In a number of important ways, the disclosure regime established by PPACA comports with Rodrigues and Stegemoller’s findings and recommendations. First, having found that disclosure via company websites (as is allowed under Section 406 of Sarbanes-Oxley) has a number of downsides, they recommend that disclosure be made through EDGAR, the SEC’s consolidated, easy-to-use, indefinitely accessible database. As Duff Wilson reports here, several companies have begun disclosing the payments they make to physicians on their own websites and downsides similar to those pointed out by Rodrigues and Stegemoller have been noted. For one, a patient interested in learning more about a given doctor’s relationships with industry would have to search each company’s website individually and then compile the results. The companies have not made this easy to do; most use formats that make it very difficult to aggregate or analyze the data they report. PPACA’s HHS-run website will solve these problems.

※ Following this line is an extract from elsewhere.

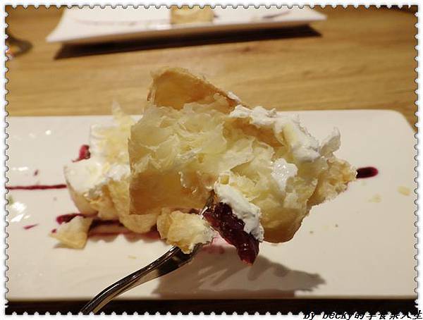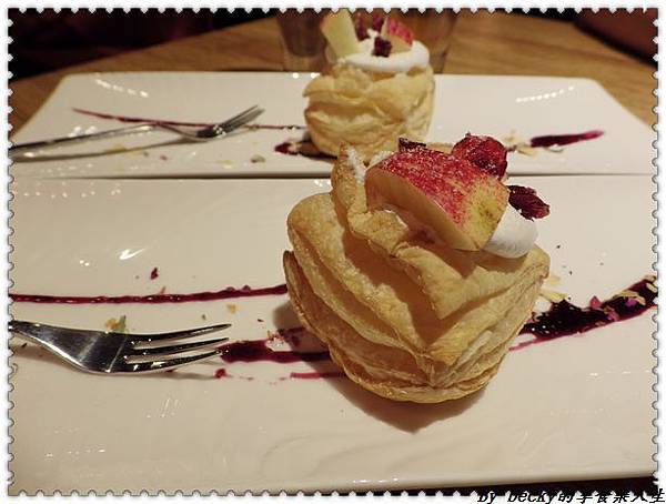 手工製的千層派有著酥脆香味,上頭有著鮮奶油與蘋果丁,灑上少許的糖粉,再搭配藍莓醬與香氣十足的玫瑰花瓣,吃起來有著奶油香酥酥脆脆口感,微微甜香口感,讓整個甜點有著非常完美,當做最後的END。

Relatedly, Rodrigues and Stegemoller found that, given the chance, companies will choose to bury “unsavory related-party transactions” “in the rubble of sundry disclosures.” This pitfall, too, should be avoided under PPACA’s disclosure regime. (If anything, the statute is too lean-and-mean, providing that payments be labeled with bare descriptors like “consulting fees” and “gift.”)
Finally, Rodrigues and Stegemoller suggest that one of the problems with Section 406 of Sarbanes-Oxley is that it sets forth a “soft” disclosure requirement; a company is permitted to determine for itself what its code of ethics permits or does not permit and, a fortiori, under what circumstances a (disclosable) waiver of that code will be required. Predictably, this leads to “companies evad[ing] illegality by watering down their codes to such a degree that they no longer forbid the very Enron-style conflicts of interest that led to the adoption of Section 406.” Section 6602 of PPACA, by contrast, sets forth a “hard” disclosure requirement. Companies have to disclose all payments, not just those that they have determined create a conflict of interest.
There is one concern raised by Rodrigues and Stegemoller with regard to Section 406 of Sarbanes-Oxley that may apply to Section 6602 of PPACA — the problem of enforcement (or lack thereof). They note that “the basic consequence of underenforcement is the imposition of disclosure requirements on paper that are ignored in real life.” Overlapping disclosure requirements (such as those that Rodrigues and Stegemoller exploited to conduct their research) are one way to determine whether required disclosures are made. With regard to physician payments, a valuable cross check would be provided by the draft Public Health Service conflict regulations’ requirement that any significant financial interest that (1) is still held by a principal investigator or senior/key person, (2) is related to government-funded research, and (3) is a financial conflict of interest must be disclosed to the public via the world wide web; the disclosures that physician-investigators must make to medical journals will also serve this function.